Born on 29 June 1988 in Baku, on the shores of the Caspian Sea, his mother pushed Elnur to do judo. She was then admiring another great champion, Nazim Huseynov (Read the story: https://www.ijf.org/news/show/a-simple-hero-nazim-huseynov) who a few years earlier had become the first Olympic judo champion in Azerbaijan's history: "Before it became my own dream, to become a great champion, it was my mom's dream. She had seen Nazim on TV and thought judo was for me. Quickly, when I started practicing, I actually felt that something was happening. I obviously had predispositions and it did not take me long to begin to imagine that I too could get on the top of the podium" said Mammadli.
Many years have passed and the boy has become a man crowned with his Olympic title, but a man who continues to dream of the development of judo in his country: "It is a great pleasure to see the World Championships arrive in my country. I would have liked to participate a few years ago (smile). I am now on the other side of the fence, but it is also very exiting. It's amazing because before we used to watch and participate in World Championships organised in other countries. This time, we are the ones who make that it happen.

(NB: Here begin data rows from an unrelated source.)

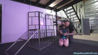 Shiny's commands are clear and authoritative, directing Kammy to her knees and then enfocing her submission with a steel collar and cuffs all padlocked in place. The puppy mask ball gag mutes her whimpers, and she is the commanded to enter the tiny steel cage.
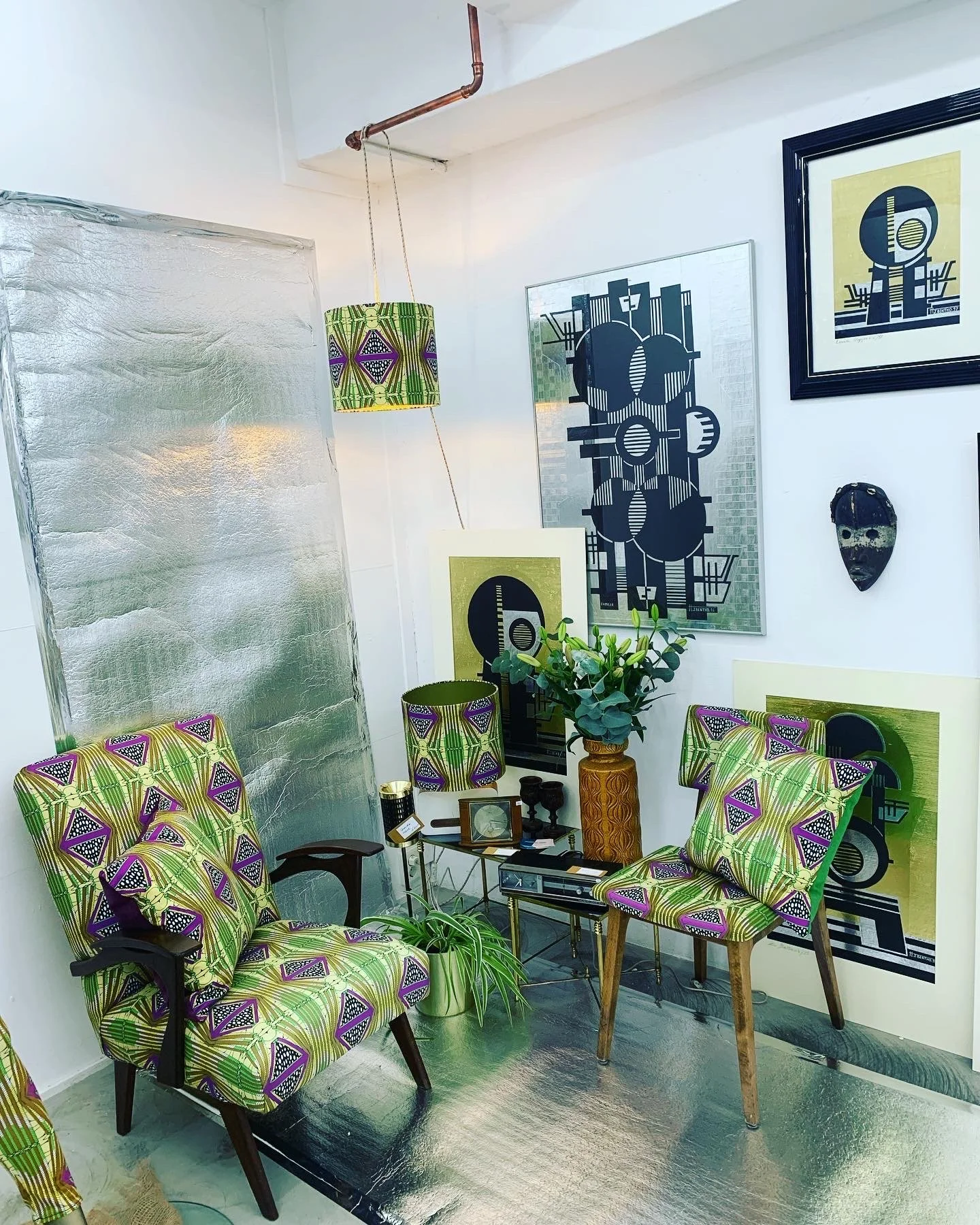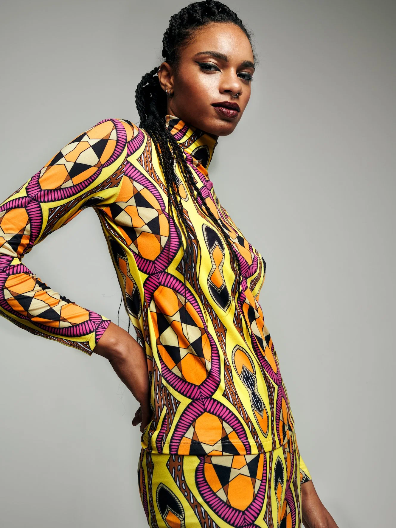 Er bestaan zoveel dessins, wat maakt die van jou onderscheidend? Vanwege mijn Afrikaanse roots zullen mijn dessins altijd een etnisch tintje hebben; zowel in vorm, symboliek als kleur. Maar ik hou heel veel van clashes, als stylist al. Ik voeg daarom graag verrassende elementen toe. Inspirerend vind ik: art deco, futurisme, natuur, optical art maar ook de Egyptische of Griekse oudheid.
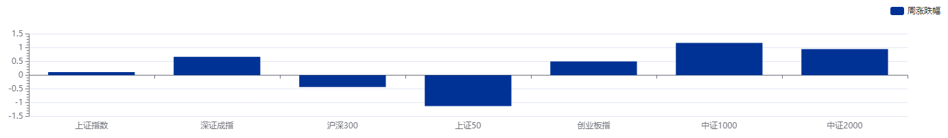 上周,部分权益指数走势分化。其中,上证指数上涨0.11%,深证成指上涨0.67%,沪深300下跌0.43%,上证50下跌1.12%,创业板指上涨0.5%。而中证1000、2000分别上涨1.18%、0.95%。上周,化工、电新、计算机、有色板块涨幅居前,通信、银行等板块下跌。
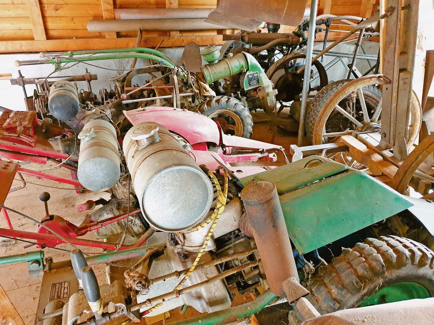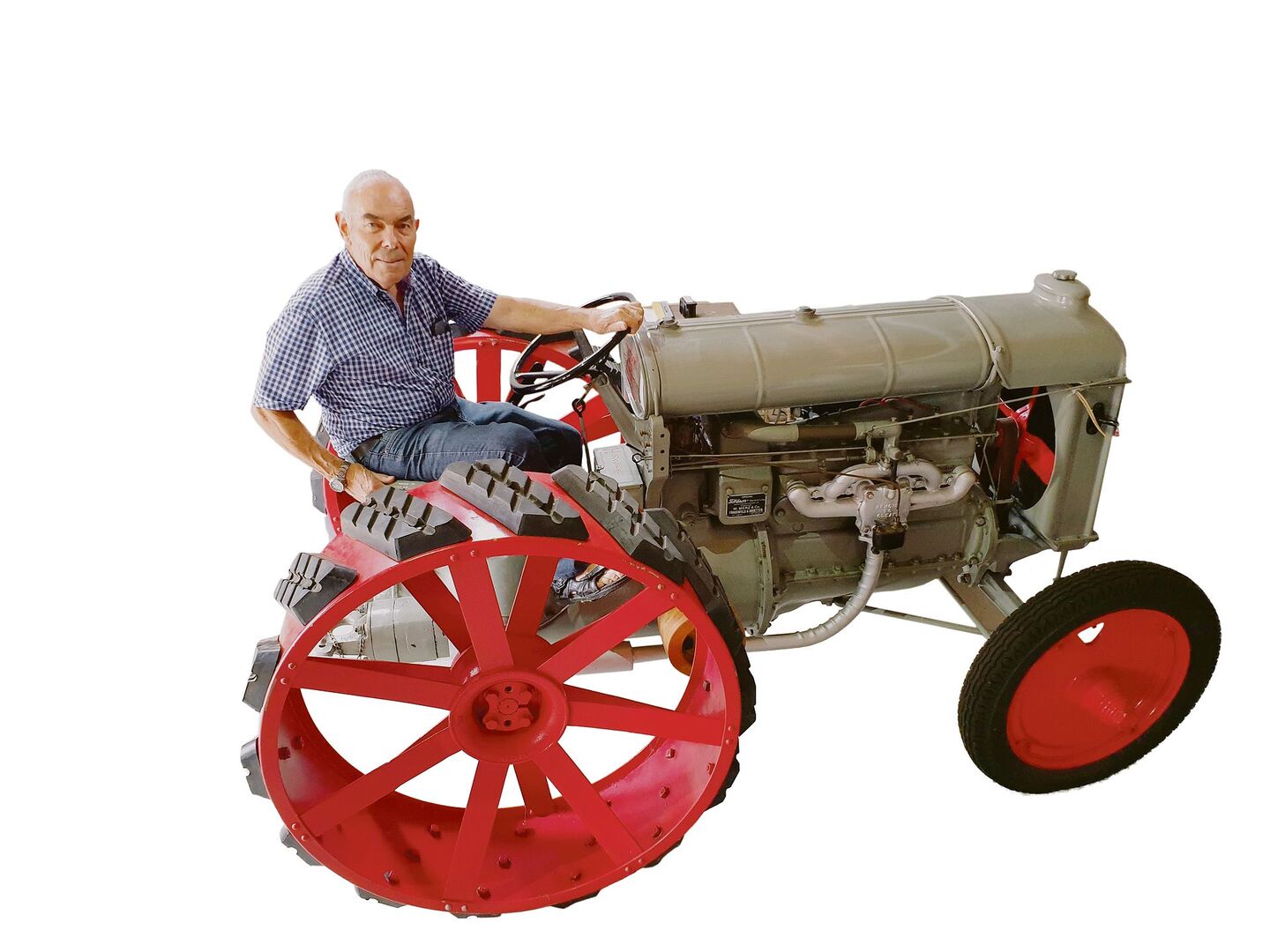 Der Fordson-Traktor, Jahrgang 1927, läuft gerade nicht an, wegen des Schneckengetriebes lässt er sich auch nicht einfach ins Freie stossen. Also präsentiert Paul Müri, Jahrgang 1945, das rot-graue Prachtstück im Schopf. «Zapfwelle hat der noch nicht, aber mit dieser hölzernen Riemenscheibe könnten wir übernächstes Jahr am Oldtimertreffen in Möriken die Dreschmaschine antreiben», freut er sich jetzt schon und schüttelt nebenbei noch die Fordson-Firmengeschichte aus dem Ärmel.
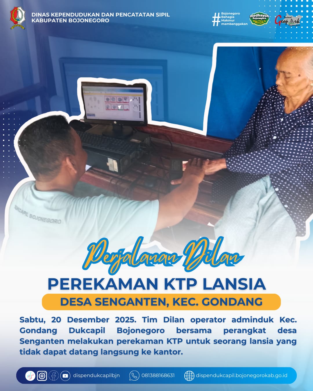 Bojonegoro, 20/12/2025 - Dinas Kependudukan dan Pencatatan Sipil Bojonegoro melaksanakan layanan jemput bola perekaman KTP-el bagi warga lanjut usia (lansia) di Desa Senganten, Kecamatan Gondang, melalui program Perjalanan DILAN. Kegiatan ini bertujuan memastikan pemenuhan hak identitas kependudukan bagi lansia yang memiliki keterbatasan untuk datang langsung ke kantor pelayanan.
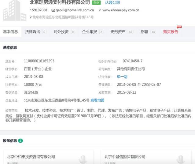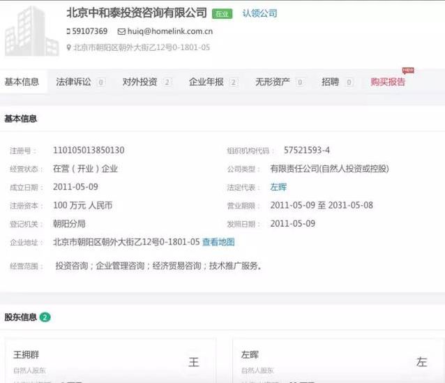 (相關工商資料信息來自企查查) 理房通注冊于2013年8月,法人為單一剛,身份是鏈家地產(chǎn)的執(zhí)行董事。理房通的股東為中融信擔保和北京中和泰投資咨詢有限公司兩家,而北京中和泰投資咨詢有限公司的股東除鏈家地產(chǎn)董事長左暉外,還有鏈家地產(chǎn)副總裁王擁群。
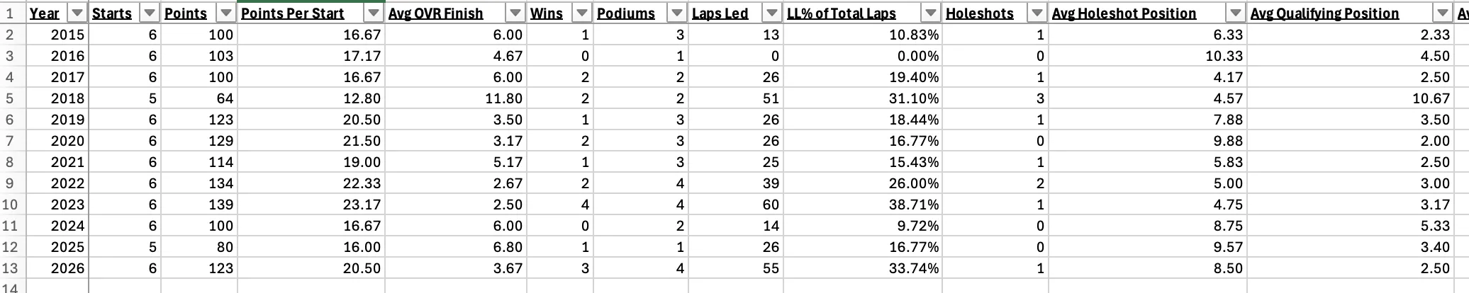 Also, with Roczen's Anaheim 2 and Tomac's Glendale heavily affecting their stats, it's still interesting to see after six races Hunter Lawrence's 2.75 first lap positions being much better than Roczen's 5.13 and Webb's 5.38. Almost two spots better for the #96. With it being more "Startcross" than ever before, Lawrence is consistently putting himself in a great spot.
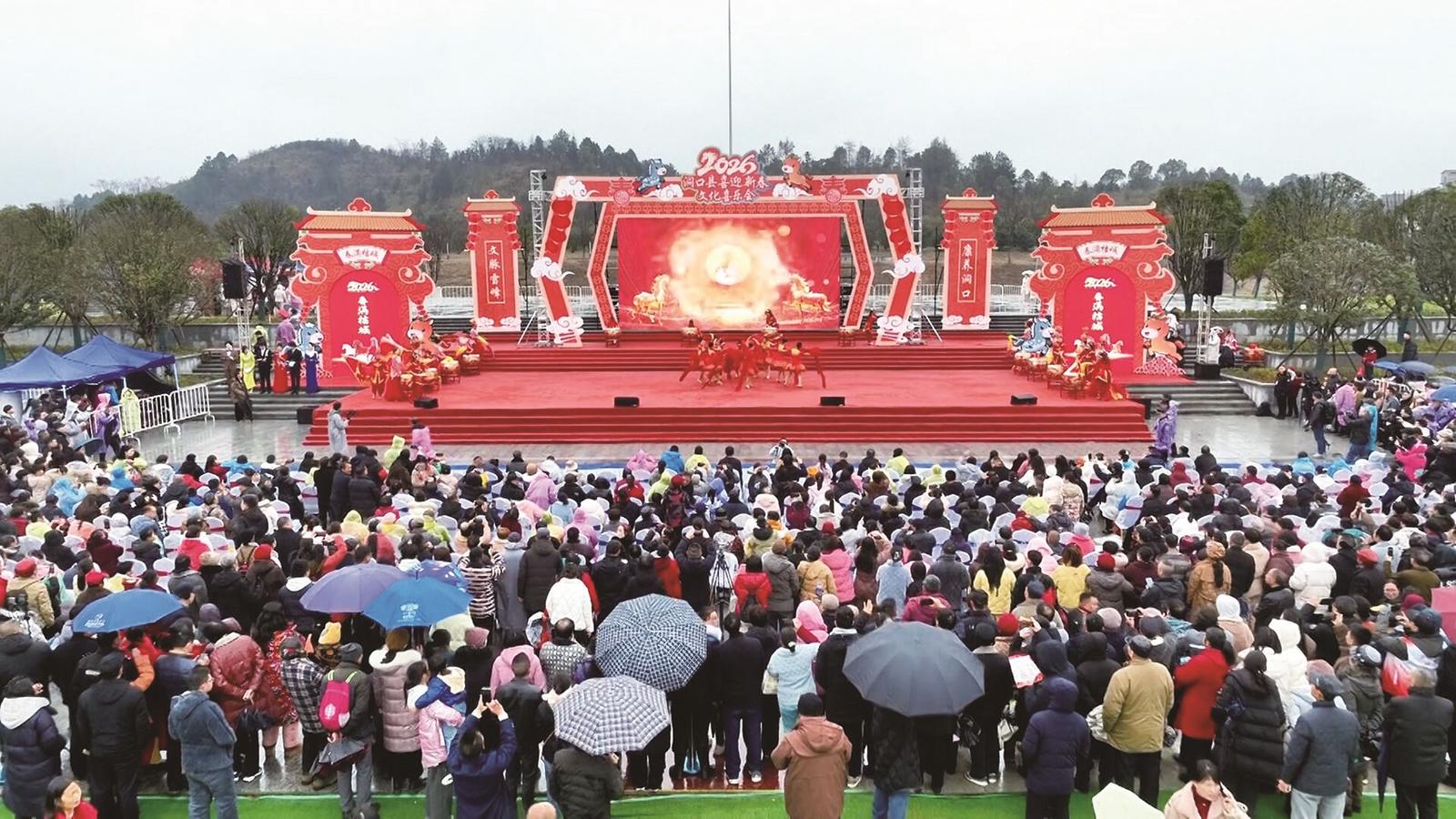 邵阳日报讯(记者 蒋易薇 通讯员 肖皓静 王哲 滕绍忻 刘程康 曾茵苔)2月10日,“骐骥驰骋,春满橘城”——2026年洞口县新春文化喜乐会拉开帷幕,点燃了当地文旅消费新热潮。据初步统计,喜乐会首日即吸引数万群众参与,带动周边餐饮、零售及特色农产品消费超150万元,县域重点景区预约游客量同比增长明显。

Judo is growing all over the country and we have more and more results. I love Azerbaijan and I am proud to welcome all the judo family in September."
One must not question Elnur for a long time so that he remembers with emotion his best years at the top of world judo. European Champion in 2006, vice-world champion in 2007 in Rio, just before the year 2008 engraved in his memory: "I was very proud to represent my country at the Beijing Games. You know, there are two types of people who can raise the national flag, it is on the one hand the president of the Republic and on the other hand the top level athletes. I belonged to this second category, and on the day of my title, President Ilham Aliyev and his wife were present in the stadium. Everything came together on August 11, 2008, to be the biggest day of my life and it was."
Thanks to Elnur's Olympic title and a few years earlier to the one of Nazim Huseynov (Barcelona 1992), the Azerbaijani judo has proven that it regularly collects medals on the international scene. That's why Elnur likes to specify: "Azerbaijan is known for its sports performances. We love sport and we like to be good at it. But it's not just that. My country is a totally secure territory whose culture is infinitely rich. We have incredible landscapes balancing between sea and mountain and above all, we cherish hospitality and consider it as a fundamental value of our society. Azerbaijan is called 'the country of fire' and I can assure you that we know how to cultivate human warmth and friendship."
The young man may no longer have, in appearance at least, the fiery temperament that enabled him to win all his fights by ippon in Beijing. He is calm and he analyzes with maturity his new role as a model for society: "I have the obligation to be an example for young judoka and more generally for all the youth. They all look at me. They watch each of my actions and listen to each of my words. I have a real responsibility. I want to tell them that we must live a healthy life. That we have to play sports and that we have to stay away from all forms of drugs. Thus if you invest yourself, the results will come. You have to use all your time with the right energy and in the right direction. The sports career itself is short. Keep in mind that each competition may be the last. But life goes on and everything you learn on the tatami can be used in life.
"We all have a kind of monster in us, but through sport, we can tame it and allow it to positively express itself for our own benefit, for that of our country and for the whole world. "
Elnur Mammadli admits that from a technical point of view the World Championships are perhaps more difficult to win than the Olympic Games: "But at the Olympic Games, you have to be ready in the head. The competition takes place only every four years, it adds a lot of pressure. If you lose, you have to start again and be strong for four more years. At the Games, many World Champions lose because they are not ready. In judo, we learn to win of course, but we also learn to lose and this is probably the most difficult thing to do. I think it's because I never really learned it that I stopped competing (laughs). I would cry if I would lose and I had no more tears."
The period before the Olympic rendezvous is a period of deprivation, recognized the champion. Afterwards comes the time of the celebration: "Before I thought of all the difficulties, to all the sufferings to arrive there. The next day, as in a dream, everything had vanished and all the sacrifices were forgotten. It's really worth it to prepare for the Olympics."
From this reality of high-level training, forgotten the day after, to the dream of continuing to transmit envy and passion, Elnur Mammadli is a happy man. Active in the national federation, involved in the organisation of the World Championships, the 2008 Olympic Champion, remains more than ever attached to his sport and inclined to transmit his dreams to the youngest.